When I first learn to make the pairplots, I used them in every project for some time. I still use them a lot. Pair plots are several bivariate distributions in one plot and can be made using just one simple function. Even The most basic one is very useful in a data analytics project where there are several continuous variables. We know that a scatter plot is widely used to present the relationship between two continuous variables. Pair plot puts several scatter plots in one plot and also provides the distribution diagonally. This article is a tutorial on how to make Pairplots of different styles.

This article will cover:

- Pair plot using Pandas and Matplotlib
- More Stylish and informative Pair plots using Seaborn library
- Use of the ‘PairGrid’ function to make more dynamic pair plots

## Dataset

I used this famous dataset called the ‘nhanes’ dataset. I find it useful because it has a lot of continuous and categorical features. Please feel free to download the dataset from this link to follow along.

## Pair plot

Let’s import the dataset first

```
import pandas as pd
df = pd.read_csv("nhanes_2015_2016.csv")
```

The dataset is pretty big. So, I cannot show a screenshot here. These are the columns in the dataset:

`df.columns`

Output:

`Index(['SEQN', 'ALQ101', 'ALQ110', 'ALQ130', 'SMQ020', 'RIAGENDR', 'RIDAGEYR', 'RIDRETH1', 'DMDCITZN', 'DMDEDUC2', 'DMDMARTL', 'DMDHHSIZ', 'WTINT2YR', 'SDMVPSU', 'SDMVSTRA', 'INDFMPIR', 'BPXSY1', 'BPXDI1', 'BPXSY2', 'BPXDI2', 'BMXWT', 'BMXHT', 'BMXBMI', 'BMXLEG', 'BMXARML', 'BMXARMC', 'BMXWAIST', 'HIQ210'], dtype='object')`

We will start with the most basic ‘pairplot’ using the Pandas library. It is called ‘scatter_matrix’ in Pandas library.

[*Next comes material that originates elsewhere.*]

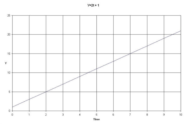 If we plot Y as a function of TIME, the graph will have a certain shape. The simplest shape is a straight line, like the one below.

Before that, I should mention I will use a part of the dataset. Because if I use too many features the scatter_matrix or pair plot whatever you call it, will not be very helpful. Each plot in it will be too small. Five continuous variables were chosen for this demonstration: ‘BMXWT’, ‘BMXHT’, ‘BMXBMI’, ‘BMXLEG’, ‘BMXARML’. They represent the weight, height, BMI, leg length, and arm length of the population.

We need to import scatter_matrix from the pandas’ library and then simply use the scatter_matrix function.

import matplotlib.pyplot as plt from pandas.plotting import scatter_matrixscatter_matrix(df[['BMXWT', 'BMXHT', 'BMXBMI', 'BMXLEG', 'BMXARML']], figsize = (10, 10)) plt.show()

Output:

You get the bivariate to scatter plots of all the combinations from the variable that is given. Each variable is plotted against the rest of the variables. Diagonal plots are the distributions of each variable given to the scatter_matrix function.

This same plot can be obtained using the seaborn library. As you know seaborn library comes with some default style. So, the most basic pairplot is also a bit more stylish than the scatter_matrix. Instead of the histogram, I chose density plot for diagonal plots.

I will make the density plots for the diagonals just for a little variation. So, I will specify ‘diag_kind = ‘kde’. If you want to keep the histogram just avoid specifying anything. Because the default type is the histogram.

```
import seaborn as sns
d = df[['BMXWT', 'BMXHT', 'BMXBMI', 'BMXLEG', 'BMXARML']]
sns.pairplot(d, diag_kind = 'kde')
```

d = df[['BMXWT', 'BMXHT', 'BMXBMI', 'BMXLEG', 'BMXARML', 'RIAGENDR']]sns.pairplot(d, diag_kind = 'kde', hue = 'RIAGENDR', plot_kws={'alpha':0.5, 'edgecolor': 'k'})

Output:

Paiplot and scatter_matrix both are based on scatter plots. PairGrid brings a bit more flexibility to it.

## PairGrid

Using PairGrid, an empty grid can be generated. And later you can fill this up as you like. Let’s see this in action:

`g = sns.PairGrid(df, vars = ['BMXWT', 'BMXHT', 'BMXBMI', 'BMXLEG', 'BMXARML'], hue = 'RIAGENDR')`

This line of code will provide an empty grid as follows:

Now, we will fill up those empty boxes. I will use the histograms for the diagonal plots and the rest will stay the scatter plot as before. It does not have to be a scatter plot. It can be any other bivariate plot. We will see an example in a bit:

```
g.map_diag(plt.hist, alpha = 0.6)
g.map_offdiag(plt.scatter, alpha = 0.5)
g.add_legend()
```

We segregated the plots using the gender parameter to see the distributions and scatter plots separately for males and females using the ‘hue’ parameter. The next plots use a continuous variable as a hue parameter. I chose ‘BPXSY1’ which means the systolic blood pressure for this. I am also going to add a condition to the dataset. I will use the data only for the ‘age’ over 60.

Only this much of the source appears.